Everyone likes to pay homage to cottage industries (homemade is always preferable to mass-produced) but, this month, it appears lip service is all small business owners are likely to get from Summit County business license fee collectors.

In order to comply with state law, the Summit County Commission recently adopted a new fee structure that calls for a flat business license fee rather than a graduated fee scale based on the perceived impact of a particular business.

The uniform cost of a 2006 county business license is now $175, whether you knit hats in the laundry room or run the local Wal-Mart. That is a big hit for many in-home small business owners who previously paid about $40 for a license. And, as if residents weren’t already reeling from their winter heating bills and buying Christmas presents, the fees were technically due Dec. 31.

The commissioners say they empathize with their constituents who may believe the increase is unfair, but they justify the decision saying that the Utah State Legislate requires that the fee accurately represent the cost of issuing the license. The only way to come into compliance, they say, was to set a uniform fee instead of charging big businesses, like giant retailers and resorts more.

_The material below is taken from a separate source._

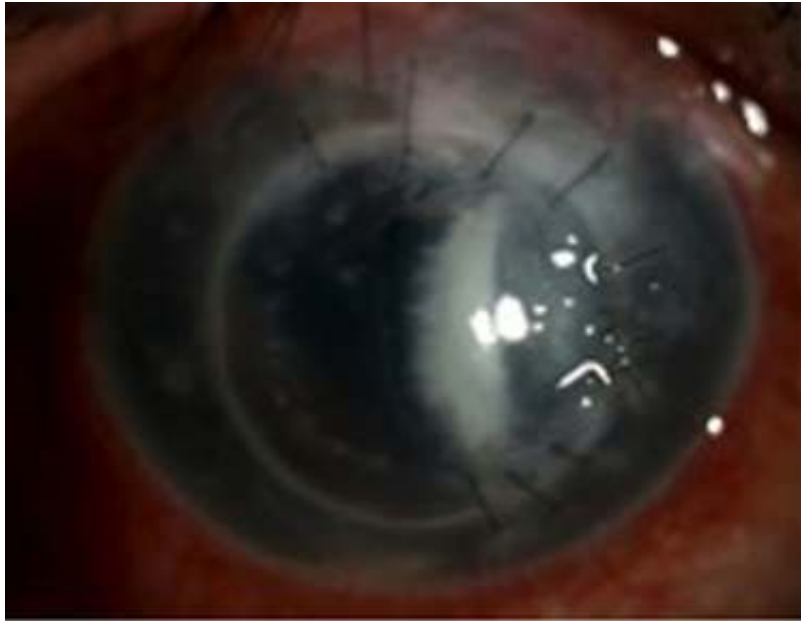
Fig. 1. Slit lamp photo on consultation reveals a hazy graft with an intact corneal epithelium with multiple white, branching needle-like deposits located in the anterior to midstroma surrounded by clear cornea temporally and hazy cornea nasally. The conjunctiva was slightly hyperemic with 5 loose sutures and some stromal vessels approaching the sutures at the temporal graft-host interface

eye was to do a penetrating keratoplasty but the patient did not consent for the procedure. At 4 months, the corneal graft was fully scarred (Fig. 4).

To abide by state law, the county decided to set that rate by dividing the county’s cost of issuing the licenses (which includes various inspections) by the number of businesses applying for them. So now, the mom who adds an extra $50 a month to the family budget by cleaning houses will be working about three months just to pay for her business license (and that’s before the county assessor gets a piece of the action).

Of course, that is assuming that she chooses to apply for a license at all.

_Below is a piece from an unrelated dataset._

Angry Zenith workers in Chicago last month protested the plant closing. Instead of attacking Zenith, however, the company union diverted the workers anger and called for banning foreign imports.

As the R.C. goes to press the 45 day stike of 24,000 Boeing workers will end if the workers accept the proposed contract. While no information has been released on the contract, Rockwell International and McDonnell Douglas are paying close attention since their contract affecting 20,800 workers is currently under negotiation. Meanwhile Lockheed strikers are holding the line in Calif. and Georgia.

Running a small business is a fragile affair. Most cottage industry owners constantly teeter on the brink of giving up. Nevertheless, many add an irreplaceable flavor to their community, offering indigenous products that cannot be found anywhere else and therefore help to define the local culture.

Jacking up their business license fee may be just the blow to put them under or to drive them underground where they will not receive the benefit of an inspector’s safety advice.

Neither benefits the county.

In their effort to comply with a senseless state rule, the commissioners may, in the process, damage a valued part of the local economy. We would encourage the commission to confront the legislature this January about this counterproductive policy.